─── INPUT FOR THIS TASK ───

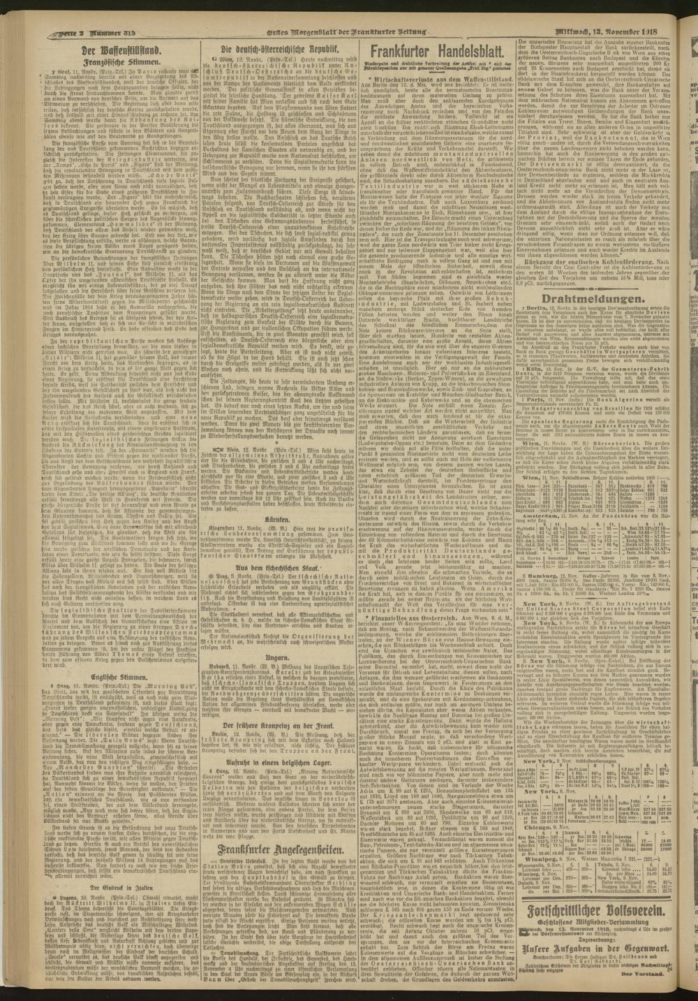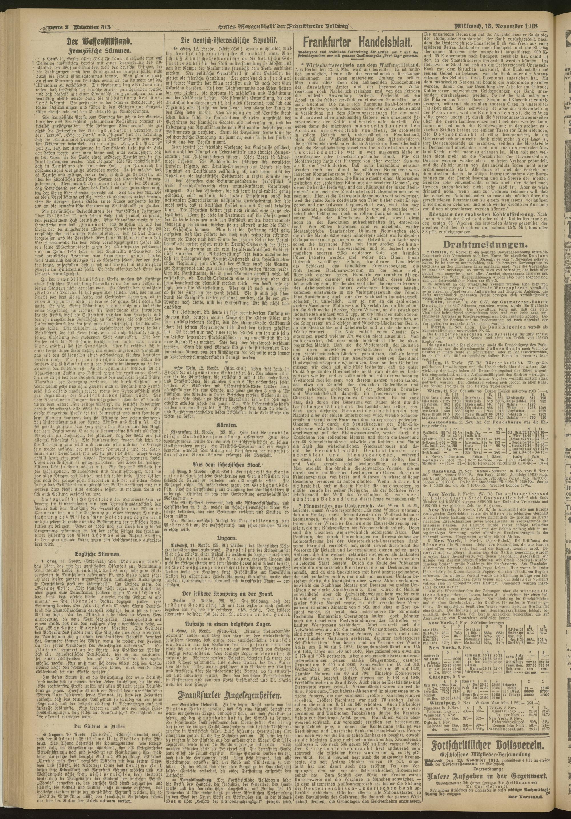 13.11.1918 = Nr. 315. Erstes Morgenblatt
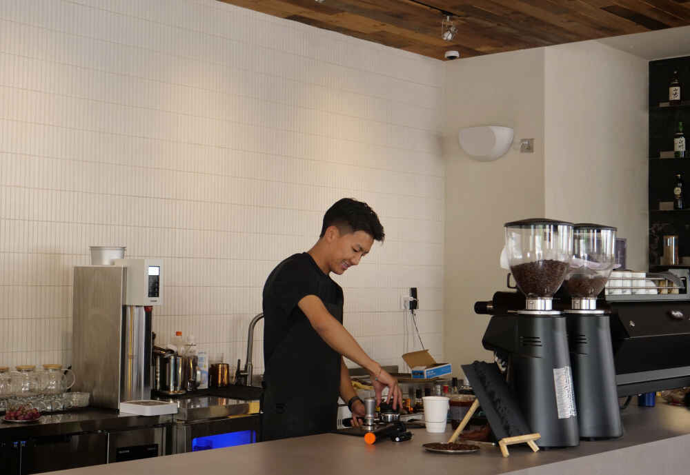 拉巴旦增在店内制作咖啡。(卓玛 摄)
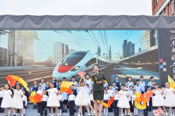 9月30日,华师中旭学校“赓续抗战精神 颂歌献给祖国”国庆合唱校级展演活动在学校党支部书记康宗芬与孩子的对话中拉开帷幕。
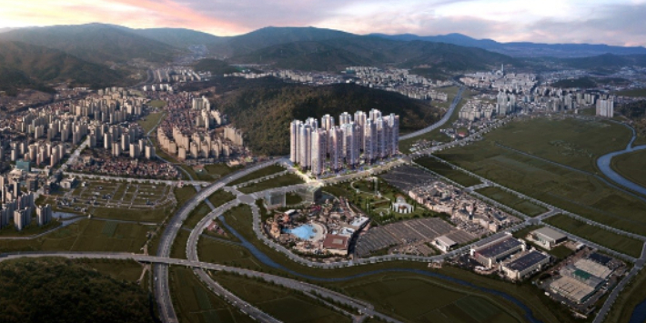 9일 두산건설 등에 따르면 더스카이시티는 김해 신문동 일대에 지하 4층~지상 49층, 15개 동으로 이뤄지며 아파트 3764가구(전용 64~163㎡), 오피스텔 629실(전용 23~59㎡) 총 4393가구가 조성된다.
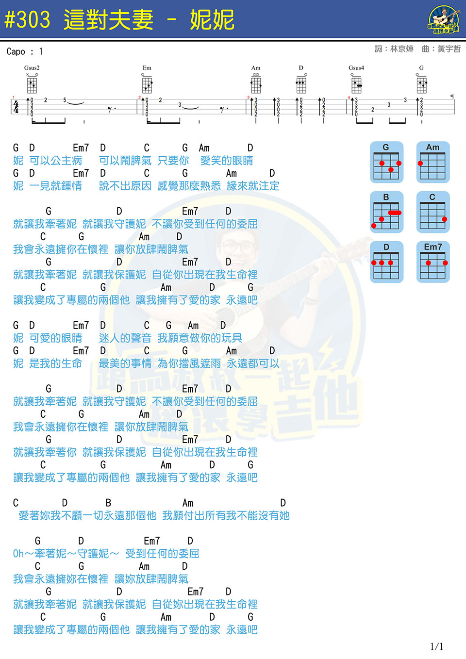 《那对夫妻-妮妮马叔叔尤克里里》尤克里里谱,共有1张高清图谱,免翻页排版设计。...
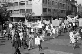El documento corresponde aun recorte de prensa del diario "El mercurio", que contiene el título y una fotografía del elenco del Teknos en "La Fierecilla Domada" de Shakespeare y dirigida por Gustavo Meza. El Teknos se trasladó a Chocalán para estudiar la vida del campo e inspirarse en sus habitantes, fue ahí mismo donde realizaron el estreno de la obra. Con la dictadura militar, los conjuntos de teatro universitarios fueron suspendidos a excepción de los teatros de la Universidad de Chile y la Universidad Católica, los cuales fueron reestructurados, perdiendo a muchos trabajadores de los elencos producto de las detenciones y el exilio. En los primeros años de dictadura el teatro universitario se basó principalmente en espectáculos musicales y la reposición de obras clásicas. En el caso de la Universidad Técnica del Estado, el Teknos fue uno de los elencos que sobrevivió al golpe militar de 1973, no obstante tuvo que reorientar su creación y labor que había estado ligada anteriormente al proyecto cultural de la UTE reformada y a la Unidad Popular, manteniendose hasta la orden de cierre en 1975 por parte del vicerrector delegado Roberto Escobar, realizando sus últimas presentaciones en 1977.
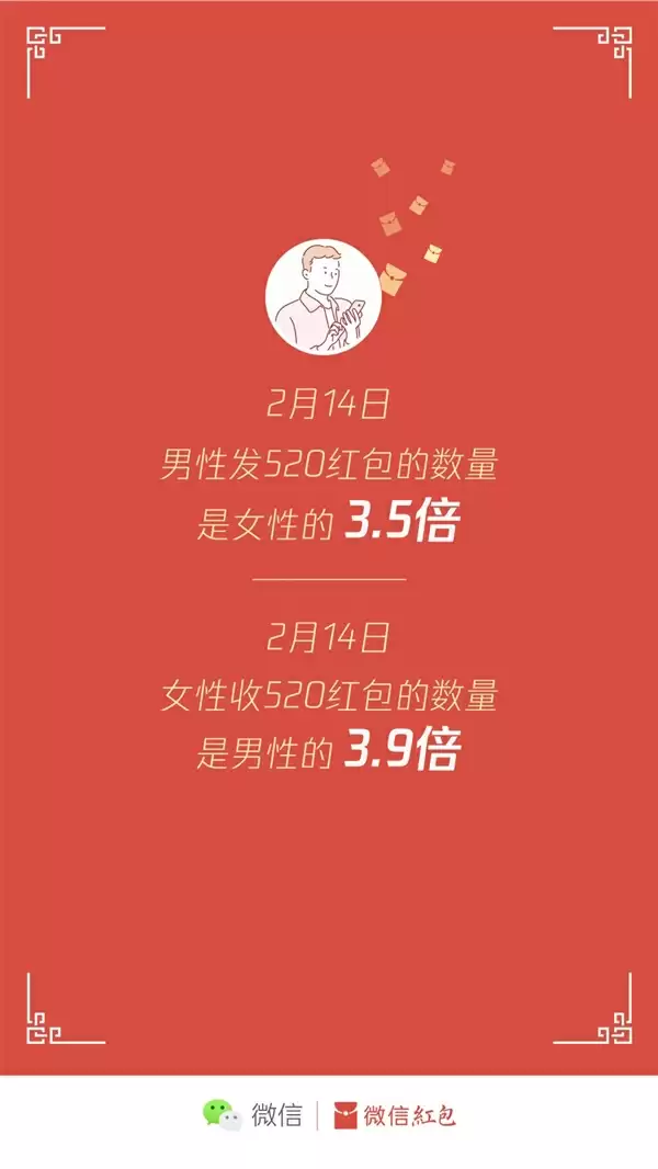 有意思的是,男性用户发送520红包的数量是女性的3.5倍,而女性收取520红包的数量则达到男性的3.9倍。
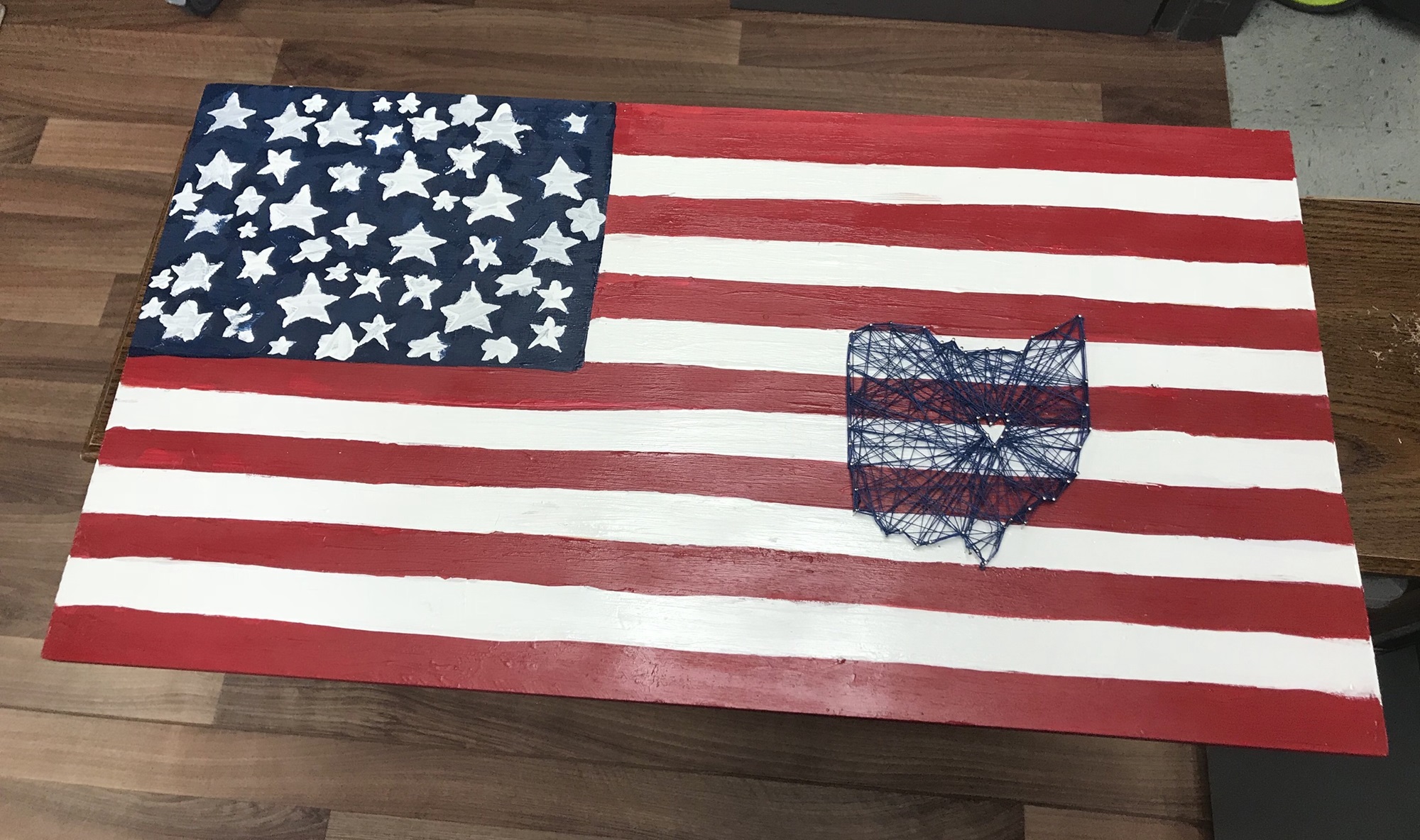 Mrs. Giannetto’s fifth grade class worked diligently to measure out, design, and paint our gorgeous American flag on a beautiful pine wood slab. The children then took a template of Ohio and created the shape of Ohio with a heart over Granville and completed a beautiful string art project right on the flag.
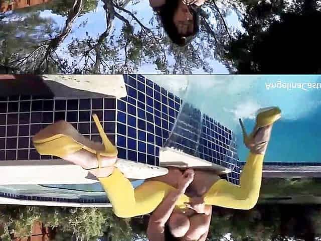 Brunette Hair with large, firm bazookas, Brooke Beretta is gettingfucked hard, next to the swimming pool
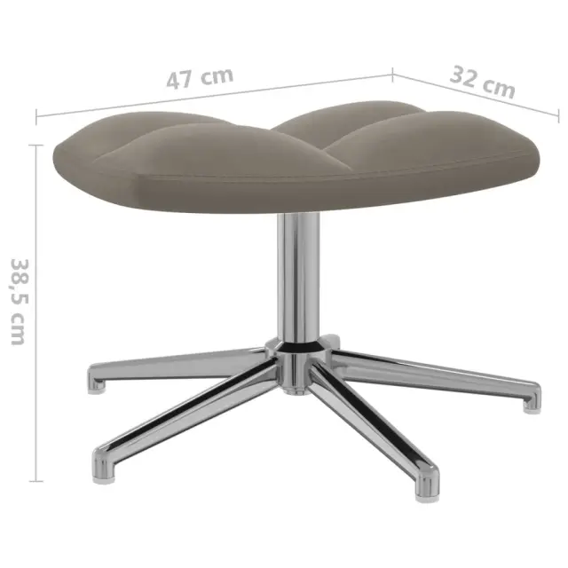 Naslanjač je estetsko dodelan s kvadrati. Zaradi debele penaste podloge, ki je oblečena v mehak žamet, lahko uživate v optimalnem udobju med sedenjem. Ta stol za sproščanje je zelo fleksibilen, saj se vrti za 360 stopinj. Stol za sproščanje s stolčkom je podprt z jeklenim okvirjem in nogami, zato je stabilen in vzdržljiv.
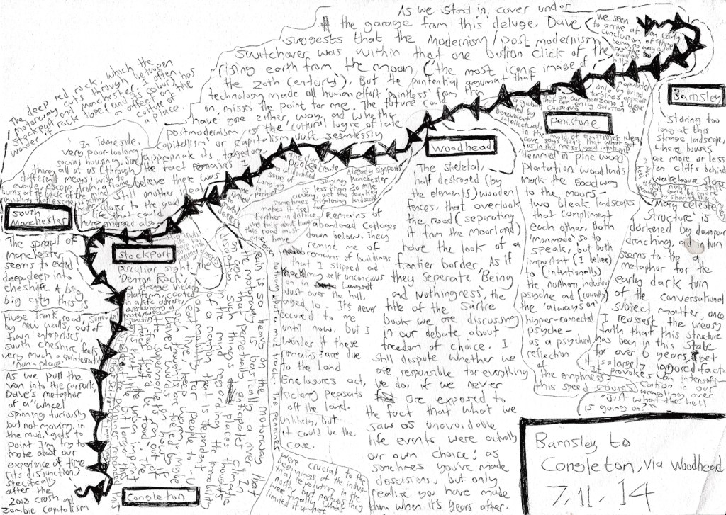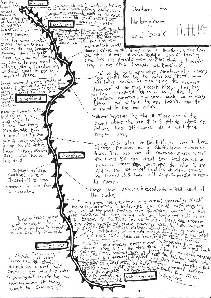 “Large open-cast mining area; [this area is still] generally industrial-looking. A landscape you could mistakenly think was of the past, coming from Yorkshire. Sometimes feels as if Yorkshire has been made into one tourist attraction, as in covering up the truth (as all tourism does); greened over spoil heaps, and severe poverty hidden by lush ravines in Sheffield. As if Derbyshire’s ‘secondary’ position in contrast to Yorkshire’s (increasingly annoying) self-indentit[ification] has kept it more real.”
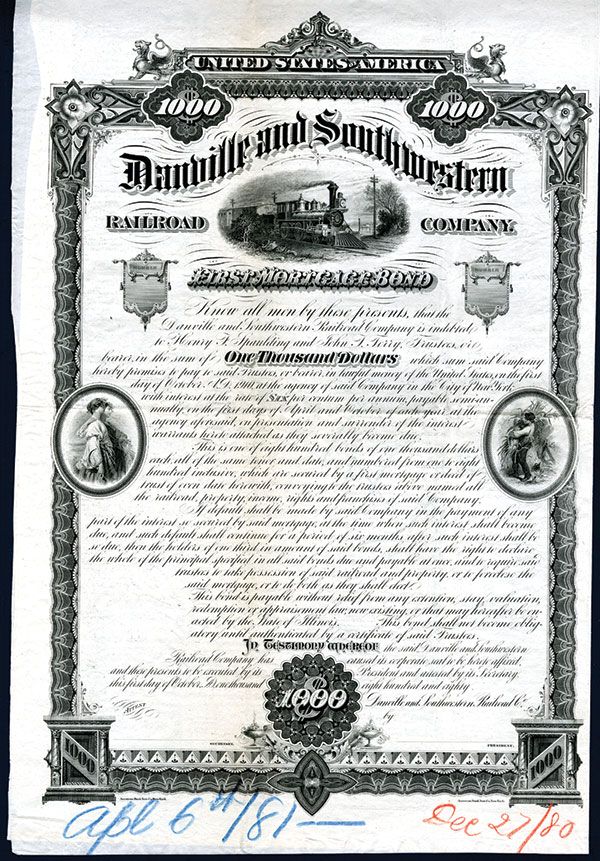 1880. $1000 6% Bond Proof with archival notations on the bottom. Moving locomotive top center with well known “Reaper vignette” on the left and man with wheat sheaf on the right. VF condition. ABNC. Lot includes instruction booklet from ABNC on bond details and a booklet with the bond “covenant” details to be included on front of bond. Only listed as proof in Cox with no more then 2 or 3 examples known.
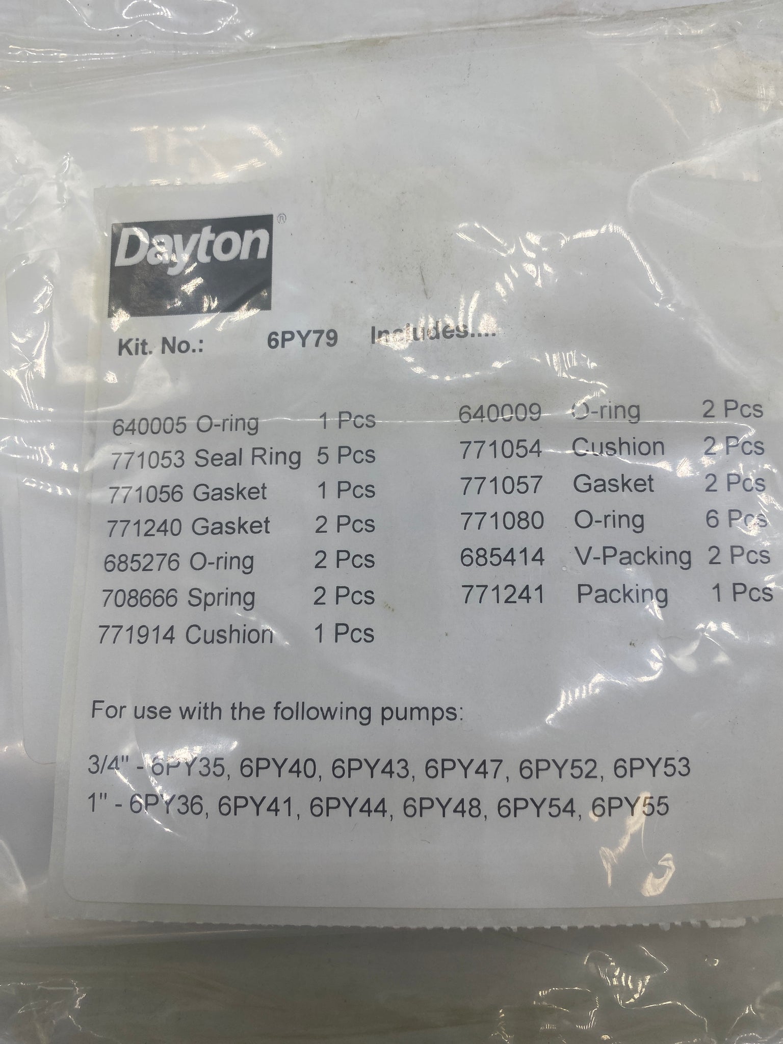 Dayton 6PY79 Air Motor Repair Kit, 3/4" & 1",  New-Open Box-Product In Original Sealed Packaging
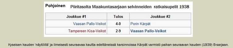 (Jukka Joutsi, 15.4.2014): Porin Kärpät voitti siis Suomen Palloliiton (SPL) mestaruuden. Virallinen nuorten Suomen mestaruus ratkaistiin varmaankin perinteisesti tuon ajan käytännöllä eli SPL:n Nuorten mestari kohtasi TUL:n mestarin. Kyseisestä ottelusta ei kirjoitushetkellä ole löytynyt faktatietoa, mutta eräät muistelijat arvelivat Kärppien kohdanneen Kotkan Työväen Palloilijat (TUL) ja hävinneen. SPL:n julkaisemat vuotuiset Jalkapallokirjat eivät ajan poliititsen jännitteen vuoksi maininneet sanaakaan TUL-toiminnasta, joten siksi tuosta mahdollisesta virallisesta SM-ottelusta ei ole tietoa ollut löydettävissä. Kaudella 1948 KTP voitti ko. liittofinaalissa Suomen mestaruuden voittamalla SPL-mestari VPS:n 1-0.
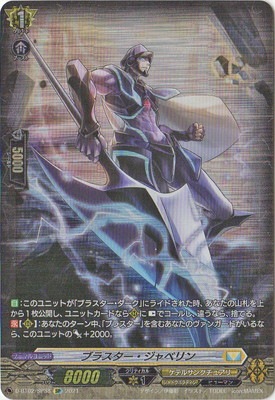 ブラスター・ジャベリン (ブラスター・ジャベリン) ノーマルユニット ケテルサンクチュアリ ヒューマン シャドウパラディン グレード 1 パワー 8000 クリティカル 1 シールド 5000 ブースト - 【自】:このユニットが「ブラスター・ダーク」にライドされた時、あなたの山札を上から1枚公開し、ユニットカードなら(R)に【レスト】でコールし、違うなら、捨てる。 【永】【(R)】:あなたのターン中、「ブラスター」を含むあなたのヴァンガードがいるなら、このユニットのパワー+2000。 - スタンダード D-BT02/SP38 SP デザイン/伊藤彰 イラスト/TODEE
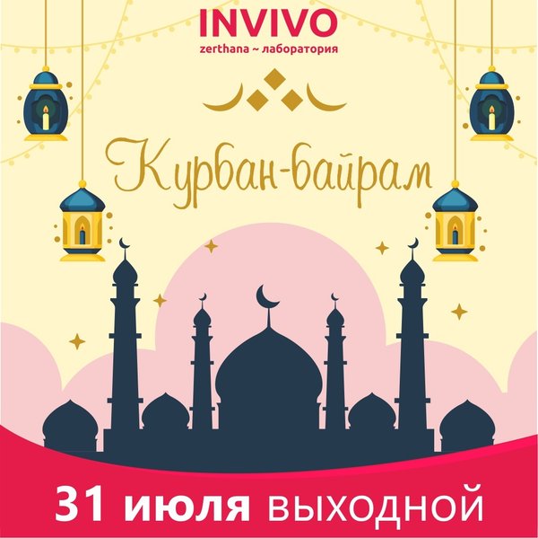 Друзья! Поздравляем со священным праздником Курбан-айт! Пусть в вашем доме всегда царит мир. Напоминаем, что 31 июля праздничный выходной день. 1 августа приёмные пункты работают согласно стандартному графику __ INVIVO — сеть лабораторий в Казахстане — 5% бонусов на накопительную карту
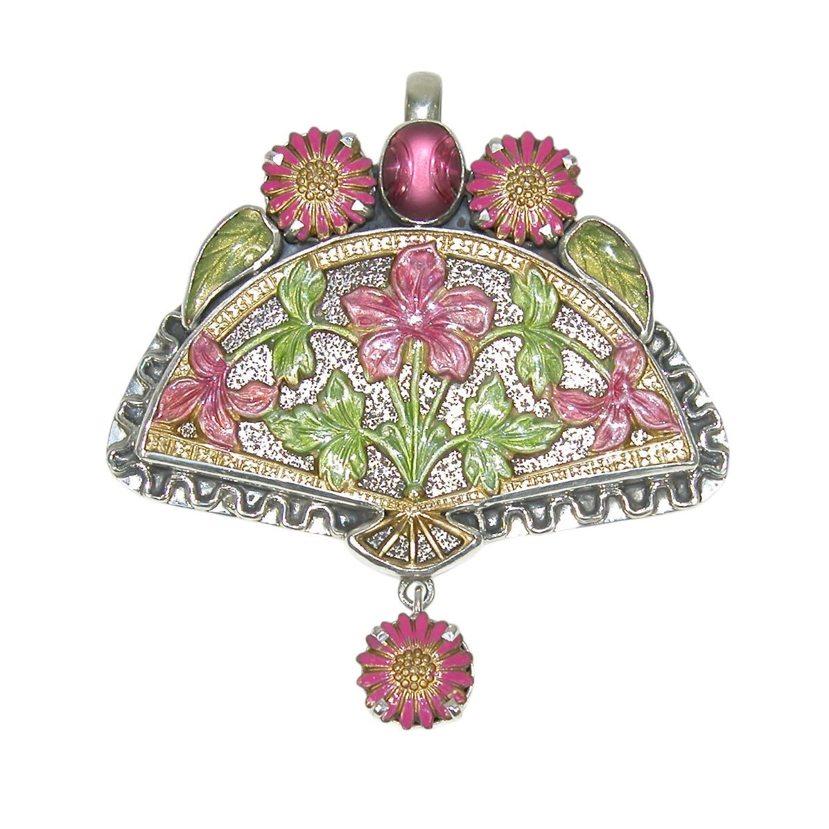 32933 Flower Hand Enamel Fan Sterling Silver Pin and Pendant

───

Take the material above from its first line through the line that has "9일 두산건설 등에 따르면" and copy it exactly, without any pictures.

 13.11.1918 = Nr. 315. Erstes Morgenblatt
 拉巴旦增在店内制作咖啡。(卓玛 摄)
 9月30日,华师中旭学校“赓续抗战精神 颂歌献给祖国”国庆合唱校级展演活动在学校党支部书记康宗芬与孩子的对话中拉开帷幕。
 9일 두산건설 등에 따르면 더스카이시티는 김해 신문동 일대에 지하 4층~지상 49층, 15개 동으로 이뤄지며 아파트 3764가구(전용 64~163㎡), 오피스텔 629실(전용 23~59㎡) 총 4393가구가 조성된다.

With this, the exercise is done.